• [TASK TO COMPLETE] Transcribe every entry verbatim; omit pictures.
Segment Start: DATASET ENTRIES
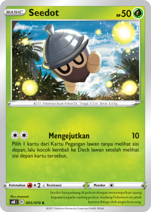 Seedot bergantung di pohon dengan menempelkan ujung kepalanya pada ranting pohon. Kadang Pokémon ini jatuh karena ditiup oleh angin kencang.
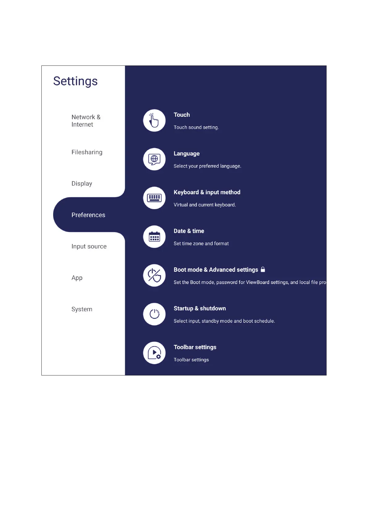 View and adjust Touch, Language, Keyboard & Input, Date & Time, Boot Mode &
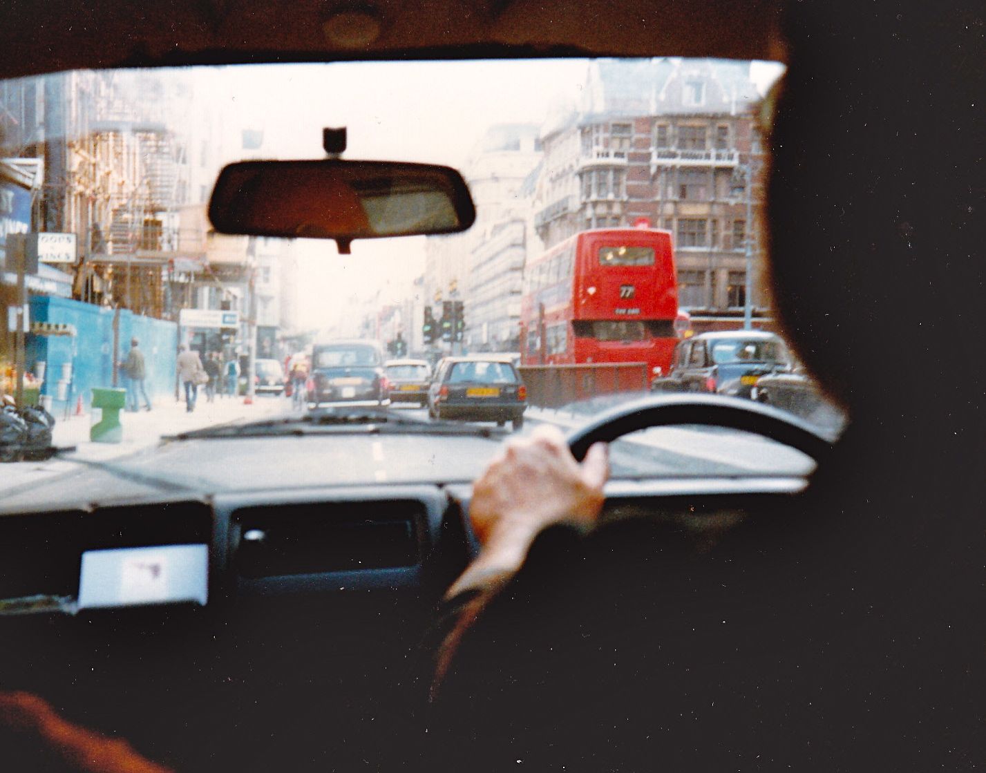 London, England. Riding inside a “black cab” while spotting a double decker bus.
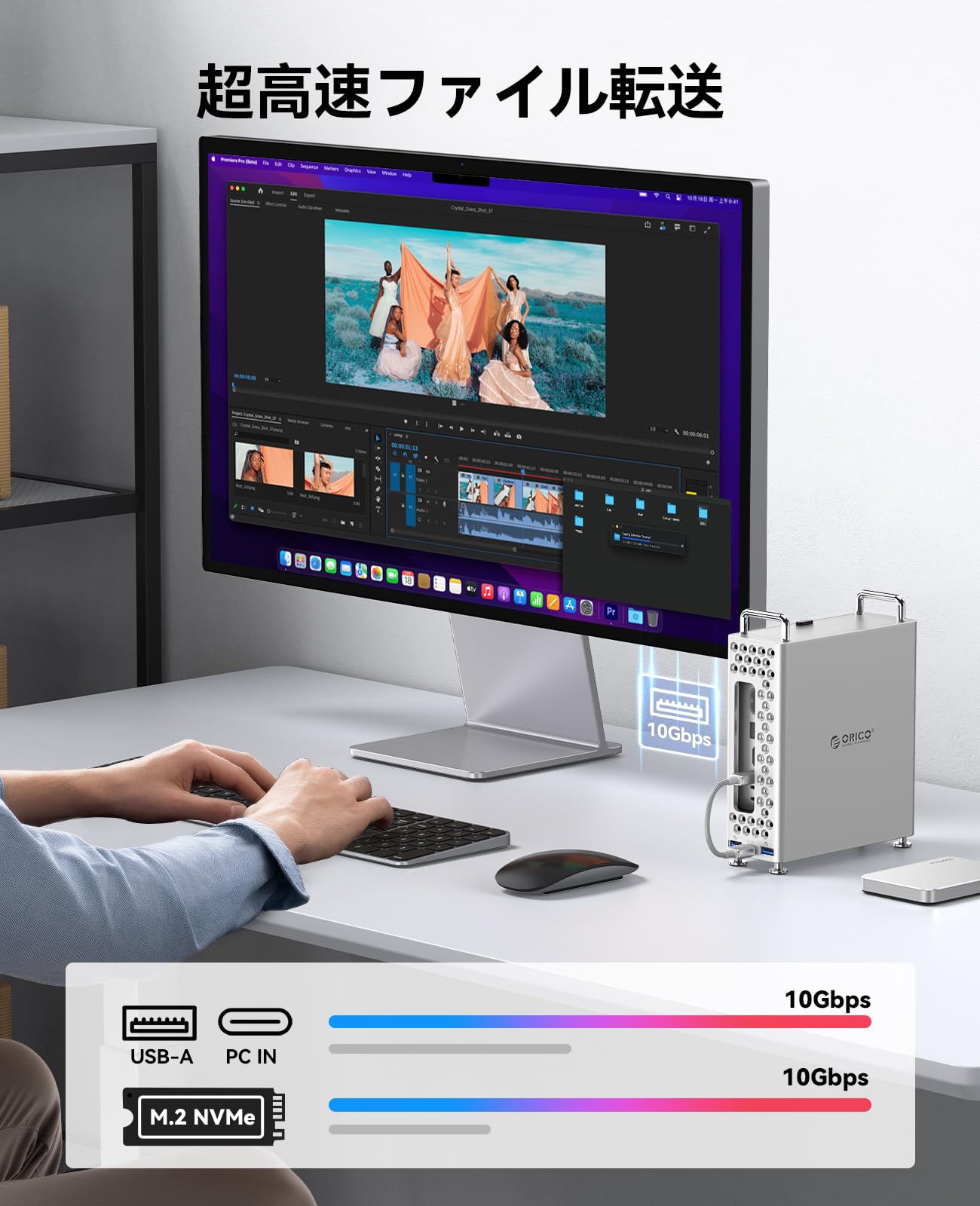 ORICO Mini Pro用スタンド ドック 5-IN-1 USB-Cハブ 10Gbps高速転送 内蔵 SSD 512GB NVMe M.2 Type 2280
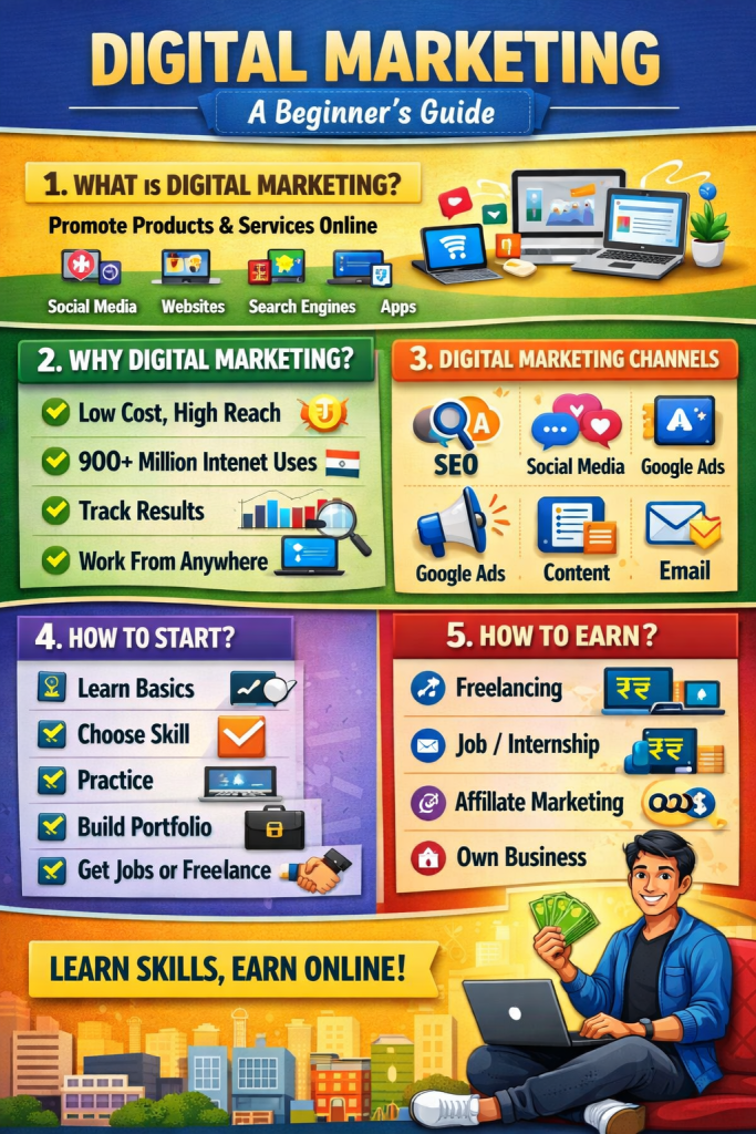 Below is a clear, beginner-friendly explanation of Digital Marketing, step by step, suitable for students, youths, and career starters in India.
Segment End: DATASET ENTRIES
• [WRITTEN RESPONSE]
 Seedot bergantung di pohon dengan menempelkan ujung kepalanya pada ranting pohon. Kadang Pokémon ini jatuh karena ditiup oleh angin kencang.
 View and adjust Touch, Language, Keyboard & Input, Date & Time, Boot Mode &
 London, England. Riding inside a “black cab” while spotting a double decker bus.
 ORICO Mini Pro用スタンド ドック 5-IN-1 USB-Cハブ 10Gbps高速転送 内蔵 SSD 512GB NVMe M.2 Type 2280
 Below is a clear, beginner-friendly explanation of Digital Marketing, step by step, suitable for students, youths, and career starters in India.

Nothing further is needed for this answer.